Eliminating SPY Position Limits

On May 14, 2012 NYSE Amex Options’ rule filing to eliminate SPY option (options on the S&P 500 ETF) position limits was published by the SEC for comment. Historically, position limits have been used as a regulatory tool in the options markets to help prevent potentially manipulative schemes from adversely impacting the market. However, as SPY options have grown in volume to become the most actively traded options class in terms of average daily volume[1]; these position limits have become prohibitive to the optimal use of the product.

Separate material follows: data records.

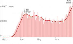 Let me raise the dreaded phrase – “a second wave.” It is hard to have a second wave when we have not had the first wave. That appears to be one of the misconceptions. The purpose of sheltering in place was to give the medical systems in various states the time to prepare in terms of equipment, space, and personnel to deal with a major increase in cases. Somewhere along the line, the message became: when the economies have reopened, the virus has gone away. Wrong. The spread of the virus was suppressed. It is still there and will continue to be there until there is either a truly effective treatment, a vaccine that is at least 50% effective, some degree of herd immunity has built up in the populace, or some combination thereof.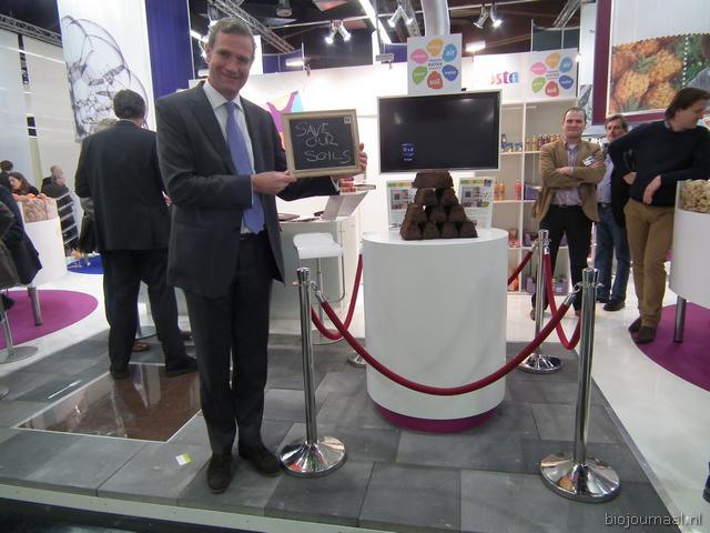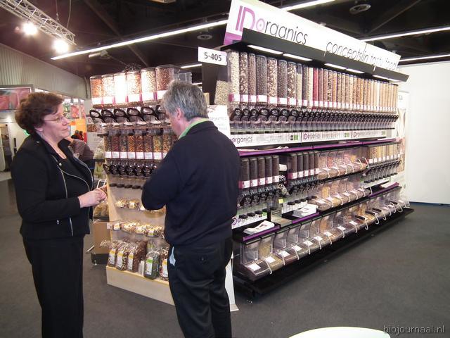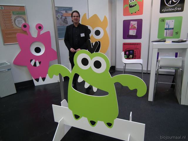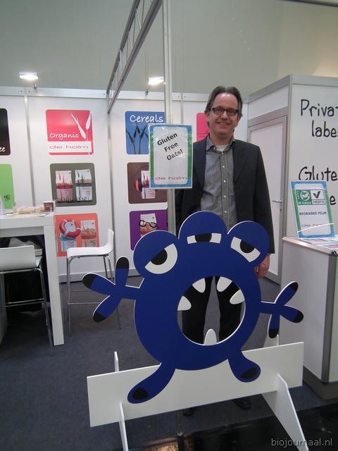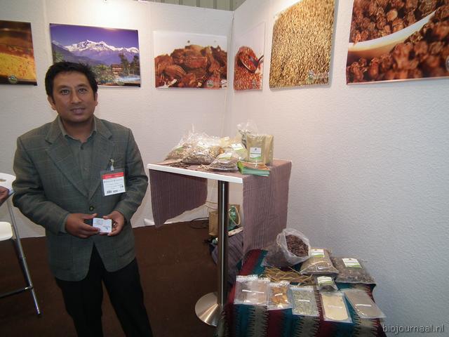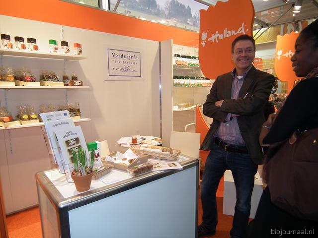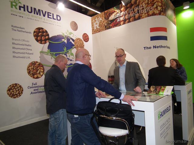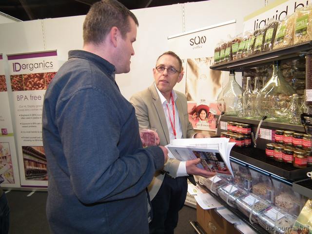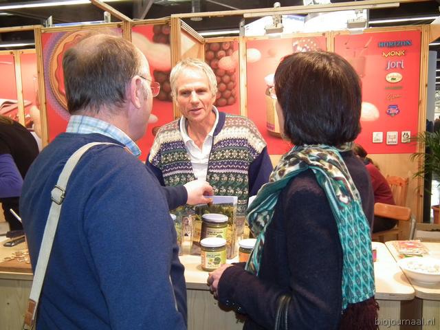 Walter Suyker in de stand van Rhumveld Winter & Konijn ( distributeur en importeur van biologische noten, gedroogd fruit en zaden).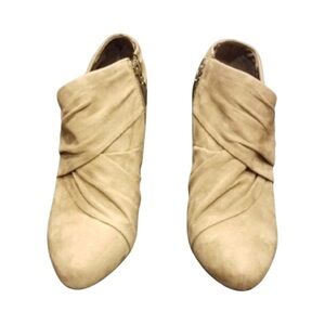 New without box Guess suede booties with 5” heel in tan from pet-free/smoke-free home. Hidden platform.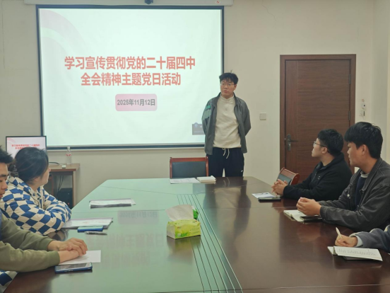 为深入学习贯彻中国共产党第二十届中央委员会第四次全体会议精神,引导青年党员深刻把握新时代党的创新理论,11月12日上午,我院学生党支部在A04-104党员活动室组织开展主题党日活动。学院学生党支部全体在校党员参加活动。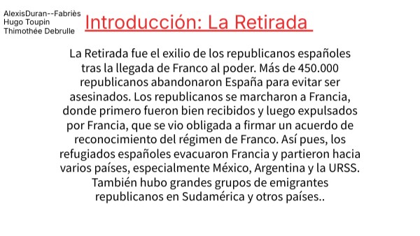 La Retirada fue el exilio de los republicanos españoles tras la llegada de Franco al poder. Más de 450.000 republicanos abandonaron España para evitar ser asesinados. Los republicanos se marcharon a Francia, donde primero fueron bien recibidos y luego expulsados por Francia, que se vio obligada a firmar un acuerdo de reconocimiento del régimen de Franco. Así pues, los refugiados españoles evacuaron Francia y partieron hacia varios países, especialmente México, Argentina y la URSS. También hubo grandes grupos de emigrantes republicanos en Sudamérica y otros países..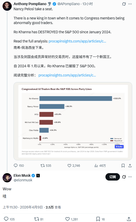 根据 ProCap Insights 对国会股票披露文件的分析,从 2024 年 1 月到 2026 年 4 月,Khanna 以 AI 为重点的交易组合实现了惊人的 112.1% 的超额收益(即超出标普 500 指数同期表现的部分),而此前被认为在国会议员中投资表现最好的佩洛西为 38.5%。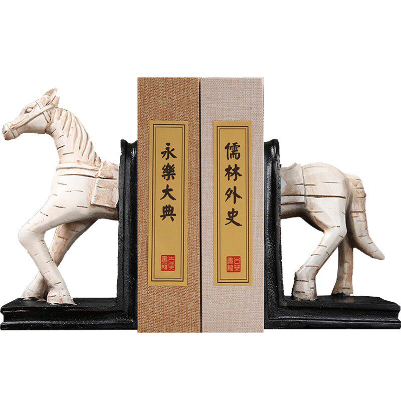 马到成功书立摆件复古做旧书档套装办公室书柜书房装饰品商务礼品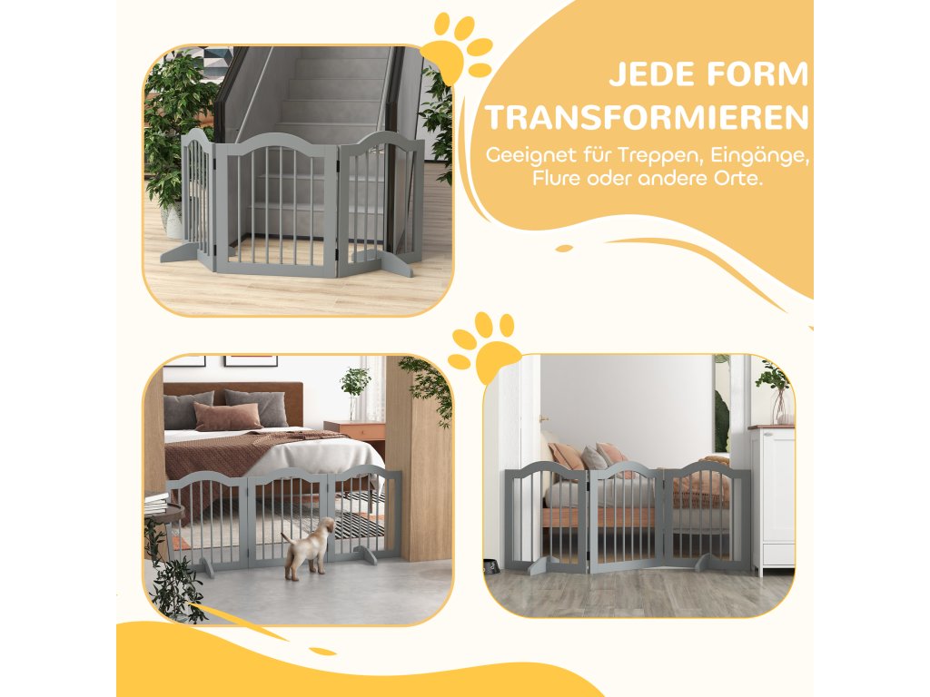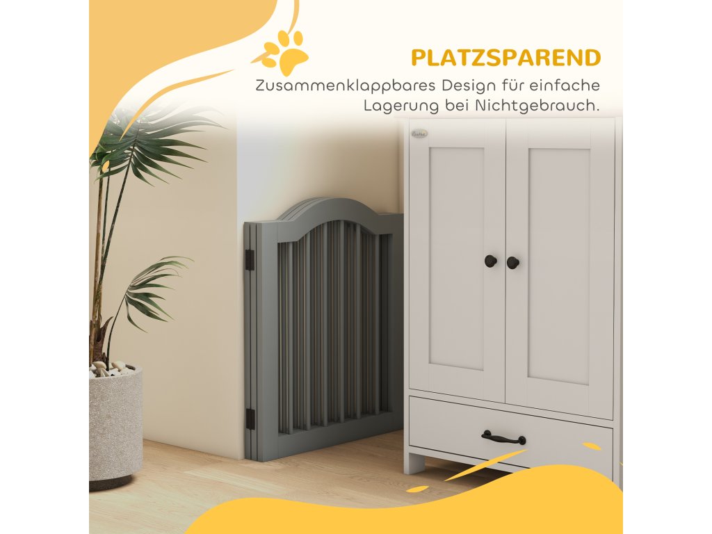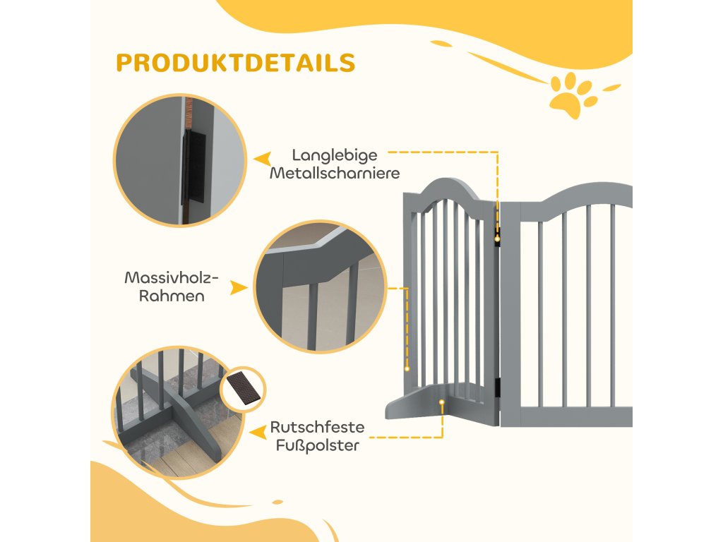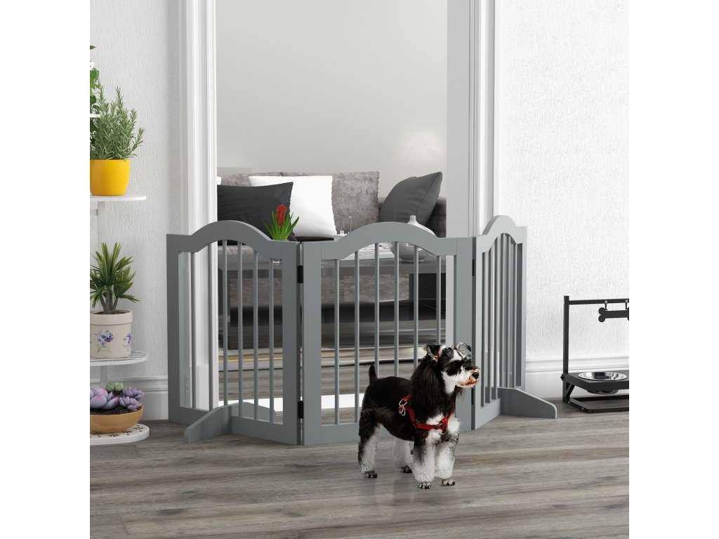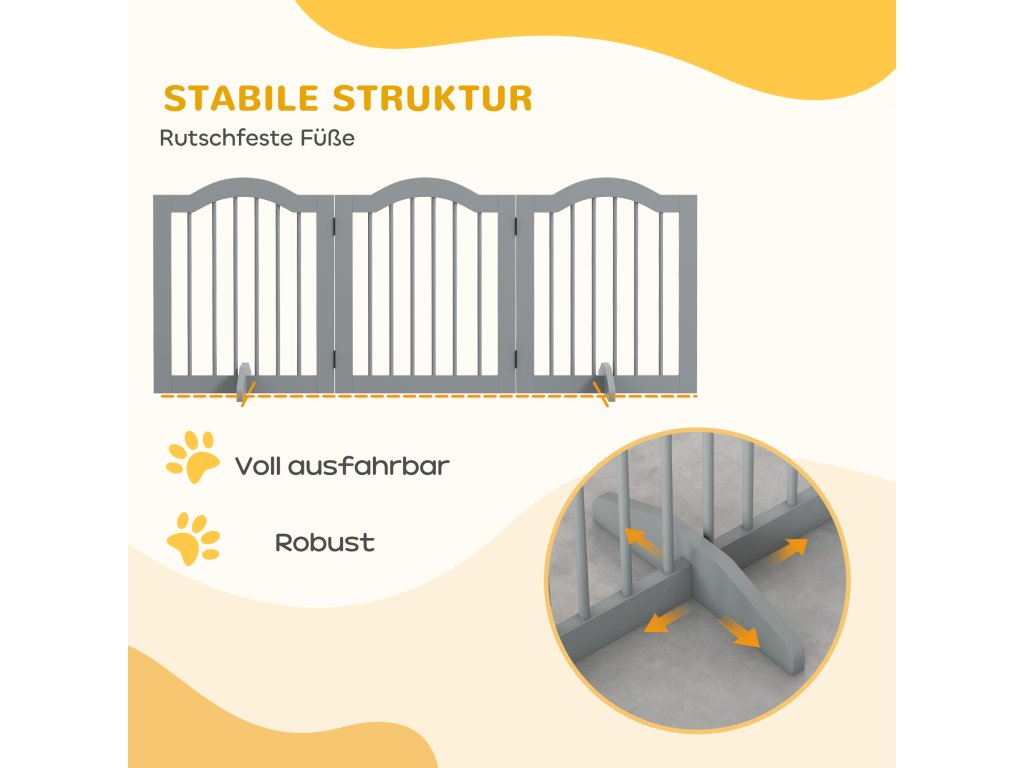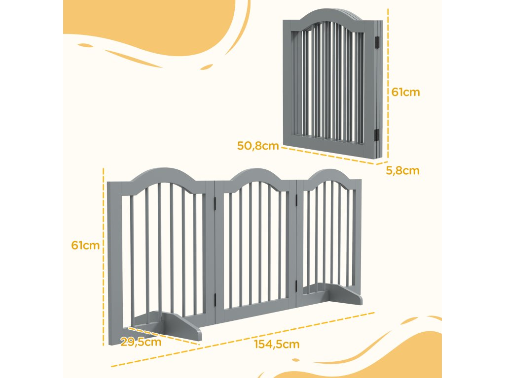 PawHut 3-dílný ohradník pro psy, 154,5 x 61 cm Skládací ohradník pro psy s dvířky, 2 podpěrné nohy Světle šedá barva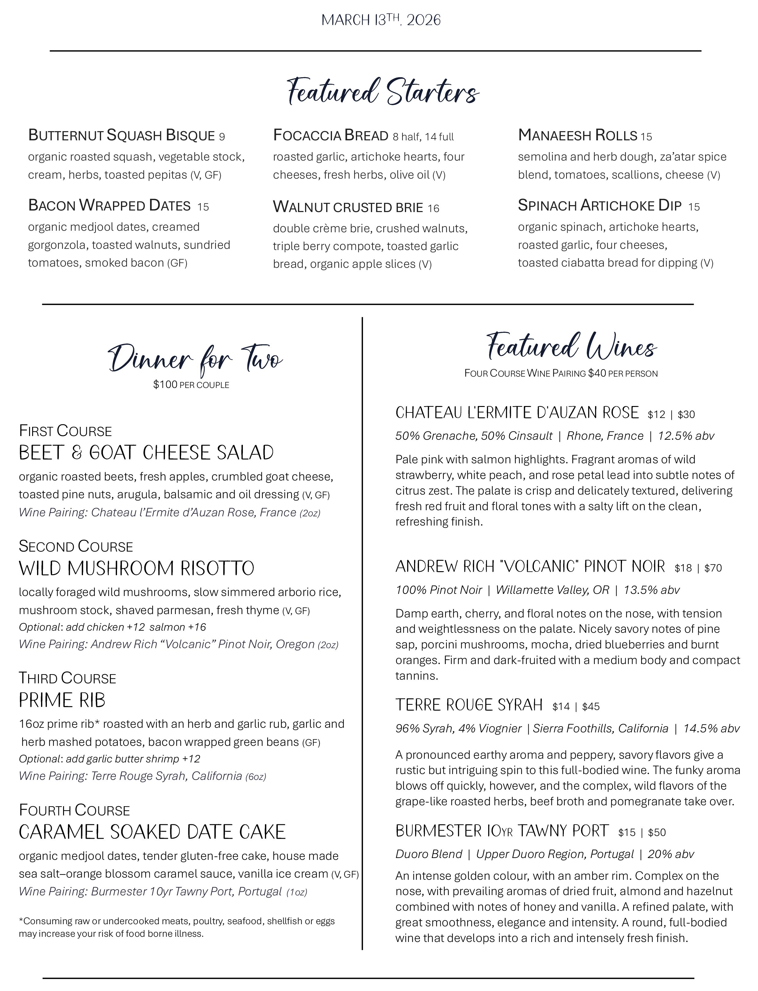 We are happy to accommodate most dietary restrictions and allergies. Please let us know at the time of reservation if you need the menu modified for any reason and we will do our best to customize each dish to fit your needs.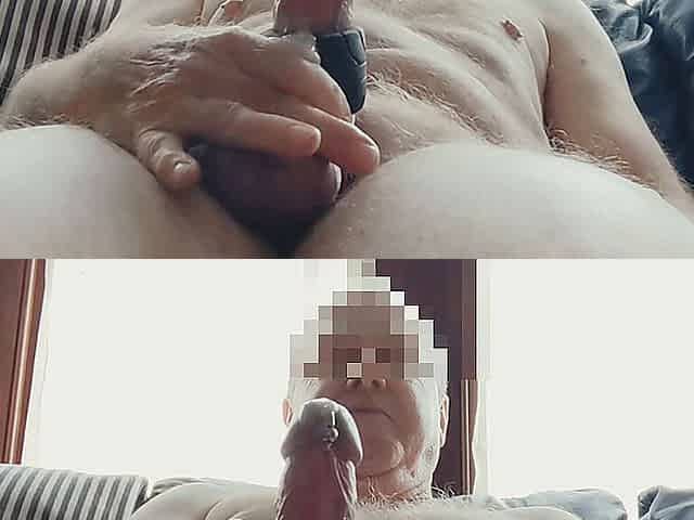 A voyeur surprises an grand-daddy on a naturist beach.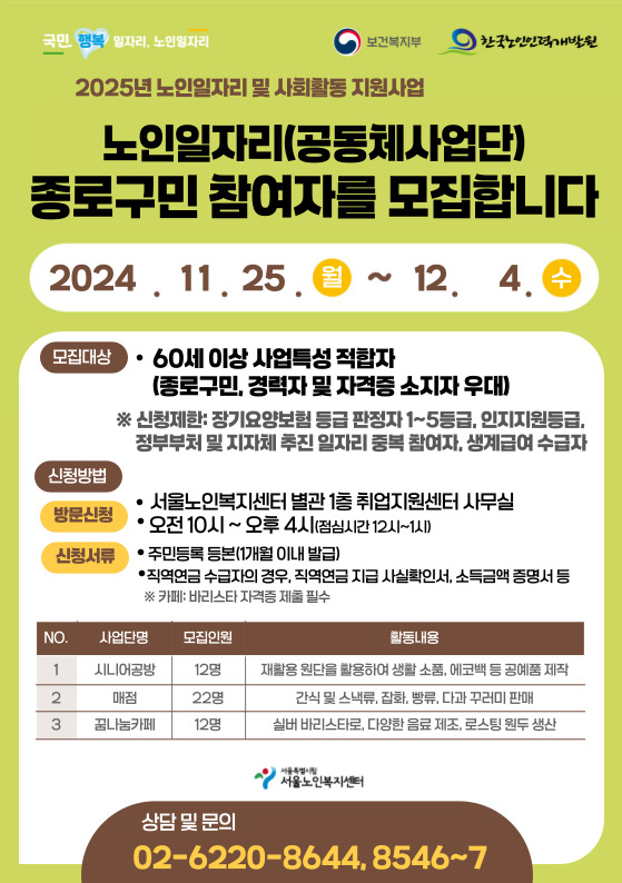 [취업알선팀] 2025년 노인일자리 및 사회활동지원사업 참여자를 모집합니다. (1차모집)
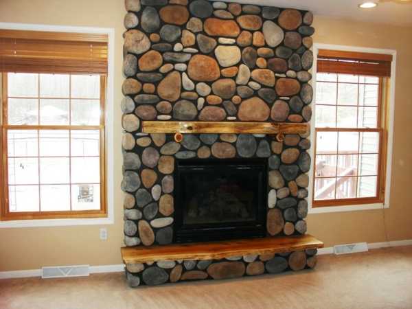Отделка фальш-каминов в деревенском стиле радует разнообразием материалов. На их порталах можно видеть:

For many large market participants, such as mutual funds and other institutional investors, SPY options provide a means to deal with their substantial hedging needs. Currently, position limits are capped at 900,000 contracts on the same side of the market. By comparison, SPX options (options on the S&P 500 Index) which are 10 times the notional size of SPY options do not have these limits. A position of only 90,000 SPX options is equivalent to a position of 900,000 SPY options. The growth of SPX options trading volumes in recent years indicates that market participants are potentially forgoing SPY options in favor of utilizing SPX options for their hedging needs.

NYSE Amex Options believes that because SPX and SPY options are ultimately derivatives of the same benchmark- the S&P 500 Index- they should be treated equally from a position limit perspective. Therefore, SPY position limits should be eliminated.